Strengthening Privacy Protections

One of the key areas of focus for the proposed reforms is strengthening privacy protections. The reforms aim to achieve this by introducing a new privacy tort, which will provide individuals with a right to seek compensation for serious invasions of privacy. This tort will be modelled on similar laws in other jurisdictions such as the United Kingdom, Canada, and New Zealand.

The proposed reforms also include a requirement for businesses and organizations to conduct privacy impact assessments (PIAs) before commencing any new projects or initiatives that involve the handling of personal information. PIAs will need to be conducted in a transparent and accountable manner, and will be reviewed by the regulator.

Another proposed reform is the introduction of a statutory cause of action for serious breaches of the Privacy Principles. This cause of action will allow individuals to seek compensation for non-economic losses such as humiliation, distress, and loss of reputation. This is intended to provide a greater deterrent against privacy breaches and encourage organizations to take privacy seriously.

Enhancing Consumer Control

The proposed reforms aim to enhance consumer control over their personal information. One of the ways this will be achieved is through the introduction of a new direct right of erasure. This right will enable individuals to request that their personal information be deleted in certain circumstances, such as when the information is no longer needed for the purpose for which it was collected.

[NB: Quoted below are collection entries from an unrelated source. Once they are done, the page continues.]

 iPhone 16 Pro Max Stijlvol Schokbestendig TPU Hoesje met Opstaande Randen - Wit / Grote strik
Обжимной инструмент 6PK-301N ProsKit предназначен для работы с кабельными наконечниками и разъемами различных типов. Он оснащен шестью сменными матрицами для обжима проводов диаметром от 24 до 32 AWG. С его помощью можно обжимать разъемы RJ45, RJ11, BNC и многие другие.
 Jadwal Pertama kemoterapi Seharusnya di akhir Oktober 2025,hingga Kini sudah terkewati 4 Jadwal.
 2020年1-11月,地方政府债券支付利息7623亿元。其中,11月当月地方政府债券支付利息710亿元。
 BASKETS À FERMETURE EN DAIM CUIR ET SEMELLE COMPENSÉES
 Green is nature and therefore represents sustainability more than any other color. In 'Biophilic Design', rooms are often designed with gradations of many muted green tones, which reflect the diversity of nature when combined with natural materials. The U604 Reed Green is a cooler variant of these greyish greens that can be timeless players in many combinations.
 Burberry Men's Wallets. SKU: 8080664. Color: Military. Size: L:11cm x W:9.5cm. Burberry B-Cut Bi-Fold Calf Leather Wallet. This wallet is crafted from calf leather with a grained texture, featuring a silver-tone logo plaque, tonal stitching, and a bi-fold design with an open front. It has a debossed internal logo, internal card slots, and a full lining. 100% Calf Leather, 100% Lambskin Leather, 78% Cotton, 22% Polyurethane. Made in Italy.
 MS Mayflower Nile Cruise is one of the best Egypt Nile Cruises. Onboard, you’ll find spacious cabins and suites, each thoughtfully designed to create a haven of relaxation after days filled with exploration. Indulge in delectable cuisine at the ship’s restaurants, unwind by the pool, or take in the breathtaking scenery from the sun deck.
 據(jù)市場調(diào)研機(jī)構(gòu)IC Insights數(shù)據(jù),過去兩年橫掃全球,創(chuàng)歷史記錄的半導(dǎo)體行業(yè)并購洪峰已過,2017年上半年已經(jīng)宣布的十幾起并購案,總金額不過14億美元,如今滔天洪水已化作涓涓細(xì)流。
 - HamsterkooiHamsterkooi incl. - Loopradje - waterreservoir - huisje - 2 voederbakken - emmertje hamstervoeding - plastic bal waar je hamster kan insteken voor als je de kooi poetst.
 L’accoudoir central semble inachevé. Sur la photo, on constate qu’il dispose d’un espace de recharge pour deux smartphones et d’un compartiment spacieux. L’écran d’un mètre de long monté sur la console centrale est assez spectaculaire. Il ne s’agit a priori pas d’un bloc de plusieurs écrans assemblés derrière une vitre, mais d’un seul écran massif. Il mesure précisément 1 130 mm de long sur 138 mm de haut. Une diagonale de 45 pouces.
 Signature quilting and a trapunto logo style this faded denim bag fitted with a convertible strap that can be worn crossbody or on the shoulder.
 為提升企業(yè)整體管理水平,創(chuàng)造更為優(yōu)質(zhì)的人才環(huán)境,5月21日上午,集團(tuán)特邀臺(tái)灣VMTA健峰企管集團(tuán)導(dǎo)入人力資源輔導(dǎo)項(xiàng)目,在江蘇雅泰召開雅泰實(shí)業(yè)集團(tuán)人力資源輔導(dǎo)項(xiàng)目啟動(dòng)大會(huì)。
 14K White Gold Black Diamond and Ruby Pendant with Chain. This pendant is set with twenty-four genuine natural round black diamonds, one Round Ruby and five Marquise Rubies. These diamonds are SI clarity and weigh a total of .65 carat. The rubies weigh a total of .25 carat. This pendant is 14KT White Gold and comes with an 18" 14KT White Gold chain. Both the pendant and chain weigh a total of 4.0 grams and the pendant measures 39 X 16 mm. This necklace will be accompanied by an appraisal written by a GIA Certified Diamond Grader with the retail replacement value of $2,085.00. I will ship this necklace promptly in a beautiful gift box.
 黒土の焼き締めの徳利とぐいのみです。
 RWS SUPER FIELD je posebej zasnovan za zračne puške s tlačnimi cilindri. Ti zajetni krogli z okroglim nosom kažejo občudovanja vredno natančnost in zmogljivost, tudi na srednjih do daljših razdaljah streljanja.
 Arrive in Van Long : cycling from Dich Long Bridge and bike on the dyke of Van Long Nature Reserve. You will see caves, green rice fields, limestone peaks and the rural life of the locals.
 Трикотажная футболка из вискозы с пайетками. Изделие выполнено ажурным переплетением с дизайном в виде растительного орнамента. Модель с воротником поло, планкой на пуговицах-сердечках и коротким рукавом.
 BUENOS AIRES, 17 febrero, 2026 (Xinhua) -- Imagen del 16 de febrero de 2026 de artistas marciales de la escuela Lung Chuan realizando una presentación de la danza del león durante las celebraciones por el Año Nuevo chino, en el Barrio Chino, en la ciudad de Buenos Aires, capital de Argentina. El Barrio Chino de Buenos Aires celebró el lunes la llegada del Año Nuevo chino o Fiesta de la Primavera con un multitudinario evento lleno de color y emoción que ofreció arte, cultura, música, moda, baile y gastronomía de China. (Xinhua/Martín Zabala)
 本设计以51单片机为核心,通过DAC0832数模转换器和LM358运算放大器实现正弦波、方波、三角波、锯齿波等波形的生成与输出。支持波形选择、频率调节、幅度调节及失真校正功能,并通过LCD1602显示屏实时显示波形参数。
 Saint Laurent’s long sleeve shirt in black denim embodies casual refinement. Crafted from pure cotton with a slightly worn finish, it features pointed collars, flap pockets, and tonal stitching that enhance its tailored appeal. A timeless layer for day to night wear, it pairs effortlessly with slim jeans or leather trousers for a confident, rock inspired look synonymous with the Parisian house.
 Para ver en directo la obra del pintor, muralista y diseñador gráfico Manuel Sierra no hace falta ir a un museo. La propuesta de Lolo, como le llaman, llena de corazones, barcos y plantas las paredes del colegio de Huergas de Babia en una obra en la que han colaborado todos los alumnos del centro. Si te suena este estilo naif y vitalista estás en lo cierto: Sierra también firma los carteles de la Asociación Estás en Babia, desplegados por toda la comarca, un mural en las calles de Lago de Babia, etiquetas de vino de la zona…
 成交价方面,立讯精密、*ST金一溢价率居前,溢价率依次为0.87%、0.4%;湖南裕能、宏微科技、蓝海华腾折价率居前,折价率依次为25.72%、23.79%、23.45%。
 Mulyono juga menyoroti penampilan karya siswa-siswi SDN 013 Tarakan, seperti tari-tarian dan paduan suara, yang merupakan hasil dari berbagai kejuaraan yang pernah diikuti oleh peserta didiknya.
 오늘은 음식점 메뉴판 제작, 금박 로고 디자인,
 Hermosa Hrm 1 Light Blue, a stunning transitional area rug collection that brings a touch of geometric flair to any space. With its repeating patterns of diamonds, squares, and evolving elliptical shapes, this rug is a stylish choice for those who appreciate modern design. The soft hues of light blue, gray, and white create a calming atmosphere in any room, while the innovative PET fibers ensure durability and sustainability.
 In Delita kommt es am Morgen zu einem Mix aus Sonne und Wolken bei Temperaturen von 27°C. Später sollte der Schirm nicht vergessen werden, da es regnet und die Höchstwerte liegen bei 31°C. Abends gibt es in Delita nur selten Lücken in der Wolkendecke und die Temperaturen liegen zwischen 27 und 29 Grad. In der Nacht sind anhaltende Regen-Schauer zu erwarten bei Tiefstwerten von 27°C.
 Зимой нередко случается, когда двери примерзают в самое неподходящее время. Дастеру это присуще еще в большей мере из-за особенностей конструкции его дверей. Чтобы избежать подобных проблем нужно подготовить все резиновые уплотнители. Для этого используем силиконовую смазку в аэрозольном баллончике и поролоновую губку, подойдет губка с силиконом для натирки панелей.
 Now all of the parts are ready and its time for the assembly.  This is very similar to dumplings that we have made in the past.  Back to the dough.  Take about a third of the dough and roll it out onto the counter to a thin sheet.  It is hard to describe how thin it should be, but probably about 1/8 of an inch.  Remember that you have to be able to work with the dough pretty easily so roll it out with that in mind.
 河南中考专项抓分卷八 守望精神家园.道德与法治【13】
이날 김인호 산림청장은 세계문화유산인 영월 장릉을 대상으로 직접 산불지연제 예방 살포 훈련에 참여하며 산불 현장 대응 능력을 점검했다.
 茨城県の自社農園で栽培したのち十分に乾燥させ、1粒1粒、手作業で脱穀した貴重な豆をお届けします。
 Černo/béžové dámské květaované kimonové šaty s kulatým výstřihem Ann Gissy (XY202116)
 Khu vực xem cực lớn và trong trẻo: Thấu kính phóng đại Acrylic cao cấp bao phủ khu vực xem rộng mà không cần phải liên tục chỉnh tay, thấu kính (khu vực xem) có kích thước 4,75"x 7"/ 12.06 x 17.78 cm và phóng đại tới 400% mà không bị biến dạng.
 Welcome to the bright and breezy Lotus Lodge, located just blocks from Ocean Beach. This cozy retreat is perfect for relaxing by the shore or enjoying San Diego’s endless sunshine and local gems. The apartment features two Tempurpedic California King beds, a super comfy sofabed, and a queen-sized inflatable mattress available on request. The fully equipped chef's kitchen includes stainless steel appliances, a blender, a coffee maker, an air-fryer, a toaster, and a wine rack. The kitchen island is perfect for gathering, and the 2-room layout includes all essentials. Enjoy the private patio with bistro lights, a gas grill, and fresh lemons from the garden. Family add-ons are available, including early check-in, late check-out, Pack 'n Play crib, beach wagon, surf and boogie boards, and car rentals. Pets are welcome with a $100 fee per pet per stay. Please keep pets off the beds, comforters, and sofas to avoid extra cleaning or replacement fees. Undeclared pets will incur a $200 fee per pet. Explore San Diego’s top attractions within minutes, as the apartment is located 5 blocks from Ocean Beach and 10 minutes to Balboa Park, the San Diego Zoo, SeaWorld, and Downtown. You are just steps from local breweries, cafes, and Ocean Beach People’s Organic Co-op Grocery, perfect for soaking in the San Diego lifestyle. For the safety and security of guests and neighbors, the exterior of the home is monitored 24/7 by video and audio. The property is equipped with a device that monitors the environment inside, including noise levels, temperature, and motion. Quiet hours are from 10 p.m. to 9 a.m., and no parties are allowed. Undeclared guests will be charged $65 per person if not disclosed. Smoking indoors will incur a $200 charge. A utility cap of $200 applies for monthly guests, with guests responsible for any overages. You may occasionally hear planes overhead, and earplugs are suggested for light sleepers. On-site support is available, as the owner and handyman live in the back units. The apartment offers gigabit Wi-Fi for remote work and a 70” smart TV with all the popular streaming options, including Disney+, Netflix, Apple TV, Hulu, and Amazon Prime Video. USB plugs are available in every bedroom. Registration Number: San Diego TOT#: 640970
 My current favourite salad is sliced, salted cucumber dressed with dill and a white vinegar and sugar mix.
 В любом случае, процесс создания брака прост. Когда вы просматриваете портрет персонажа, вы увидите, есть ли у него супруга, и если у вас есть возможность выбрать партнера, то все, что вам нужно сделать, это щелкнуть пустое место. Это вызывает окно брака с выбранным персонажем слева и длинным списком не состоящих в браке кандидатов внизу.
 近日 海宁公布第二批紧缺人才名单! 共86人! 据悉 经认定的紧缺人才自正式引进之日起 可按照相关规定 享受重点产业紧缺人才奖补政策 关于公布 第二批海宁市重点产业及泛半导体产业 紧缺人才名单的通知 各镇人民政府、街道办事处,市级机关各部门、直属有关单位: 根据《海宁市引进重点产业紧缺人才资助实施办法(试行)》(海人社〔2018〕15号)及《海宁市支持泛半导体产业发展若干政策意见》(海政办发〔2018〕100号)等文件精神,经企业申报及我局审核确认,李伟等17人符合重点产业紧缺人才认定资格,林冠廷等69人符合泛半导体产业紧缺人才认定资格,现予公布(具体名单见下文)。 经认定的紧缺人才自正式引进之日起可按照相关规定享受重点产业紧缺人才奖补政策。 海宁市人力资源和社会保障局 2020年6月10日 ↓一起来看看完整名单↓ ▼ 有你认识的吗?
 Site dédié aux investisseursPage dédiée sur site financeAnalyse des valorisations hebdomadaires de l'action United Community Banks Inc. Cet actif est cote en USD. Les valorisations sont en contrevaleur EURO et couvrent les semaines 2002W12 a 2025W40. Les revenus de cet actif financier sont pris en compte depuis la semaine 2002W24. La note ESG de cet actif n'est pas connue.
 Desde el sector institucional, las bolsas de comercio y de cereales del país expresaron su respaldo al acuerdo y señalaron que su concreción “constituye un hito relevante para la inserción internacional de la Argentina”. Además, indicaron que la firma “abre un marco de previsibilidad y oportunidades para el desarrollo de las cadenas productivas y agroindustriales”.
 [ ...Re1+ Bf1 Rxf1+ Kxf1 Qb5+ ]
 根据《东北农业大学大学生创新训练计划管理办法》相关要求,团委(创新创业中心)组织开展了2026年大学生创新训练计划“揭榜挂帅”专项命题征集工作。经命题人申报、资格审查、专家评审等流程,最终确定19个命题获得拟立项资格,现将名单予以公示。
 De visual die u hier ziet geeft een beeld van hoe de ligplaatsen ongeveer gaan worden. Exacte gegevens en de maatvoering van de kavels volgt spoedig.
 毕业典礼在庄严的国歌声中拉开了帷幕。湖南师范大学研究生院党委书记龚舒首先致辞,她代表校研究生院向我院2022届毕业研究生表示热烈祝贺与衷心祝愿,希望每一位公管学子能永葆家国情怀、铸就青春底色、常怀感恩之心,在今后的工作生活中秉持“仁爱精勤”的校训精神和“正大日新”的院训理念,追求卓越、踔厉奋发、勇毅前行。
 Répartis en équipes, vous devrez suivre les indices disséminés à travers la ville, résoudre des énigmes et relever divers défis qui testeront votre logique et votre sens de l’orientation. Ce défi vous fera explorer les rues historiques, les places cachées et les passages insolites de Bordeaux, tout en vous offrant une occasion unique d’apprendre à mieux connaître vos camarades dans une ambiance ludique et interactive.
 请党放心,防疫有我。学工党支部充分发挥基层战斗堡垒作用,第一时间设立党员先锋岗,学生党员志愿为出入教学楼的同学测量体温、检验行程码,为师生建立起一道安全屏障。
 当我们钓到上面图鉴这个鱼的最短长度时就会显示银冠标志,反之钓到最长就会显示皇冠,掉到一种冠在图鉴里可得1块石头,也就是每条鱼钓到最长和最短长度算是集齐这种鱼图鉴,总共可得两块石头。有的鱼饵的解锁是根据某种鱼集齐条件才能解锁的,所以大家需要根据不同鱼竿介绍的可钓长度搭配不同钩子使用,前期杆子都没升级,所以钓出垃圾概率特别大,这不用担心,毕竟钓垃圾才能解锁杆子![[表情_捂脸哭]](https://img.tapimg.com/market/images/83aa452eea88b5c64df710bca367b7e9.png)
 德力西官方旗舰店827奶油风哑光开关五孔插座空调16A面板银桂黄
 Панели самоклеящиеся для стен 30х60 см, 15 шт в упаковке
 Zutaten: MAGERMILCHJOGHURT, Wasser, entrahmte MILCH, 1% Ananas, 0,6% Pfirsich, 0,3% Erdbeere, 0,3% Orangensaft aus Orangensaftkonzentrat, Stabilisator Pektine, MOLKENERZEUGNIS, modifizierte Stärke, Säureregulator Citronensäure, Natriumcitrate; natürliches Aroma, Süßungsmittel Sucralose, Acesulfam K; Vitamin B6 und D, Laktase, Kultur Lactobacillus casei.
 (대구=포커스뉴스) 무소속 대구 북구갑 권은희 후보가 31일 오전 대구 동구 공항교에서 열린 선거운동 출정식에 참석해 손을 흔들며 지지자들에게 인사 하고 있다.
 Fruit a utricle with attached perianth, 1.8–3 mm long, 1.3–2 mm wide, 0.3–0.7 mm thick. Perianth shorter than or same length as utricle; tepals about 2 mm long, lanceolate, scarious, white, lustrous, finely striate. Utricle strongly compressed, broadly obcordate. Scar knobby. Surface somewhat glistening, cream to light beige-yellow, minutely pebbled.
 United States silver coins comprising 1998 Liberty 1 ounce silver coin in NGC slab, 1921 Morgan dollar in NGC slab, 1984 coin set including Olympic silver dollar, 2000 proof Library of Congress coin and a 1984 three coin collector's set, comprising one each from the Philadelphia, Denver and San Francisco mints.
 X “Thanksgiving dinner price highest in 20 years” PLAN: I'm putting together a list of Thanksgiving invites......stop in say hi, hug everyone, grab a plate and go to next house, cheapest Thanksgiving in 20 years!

The reforms also propose to introduce a new right to data portability. This will enable individuals to request that their personal information be provided to them or transferred to another organization in a machine-readable format. The right to data portability is intended to promote competition and enable individuals to switch providers more easily.

Improving Transparency and Accountability

The proposed reforms aim to improve transparency and accountability by introducing a range of measures that will enhance the visibility of data practices and the obligations of businesses and organizations. One of the key measures is the introduction of a requirement for businesses and organizations to provide more detailed and accessible privacy policies. These policies will need to be written in plain English and be easily accessible to consumers.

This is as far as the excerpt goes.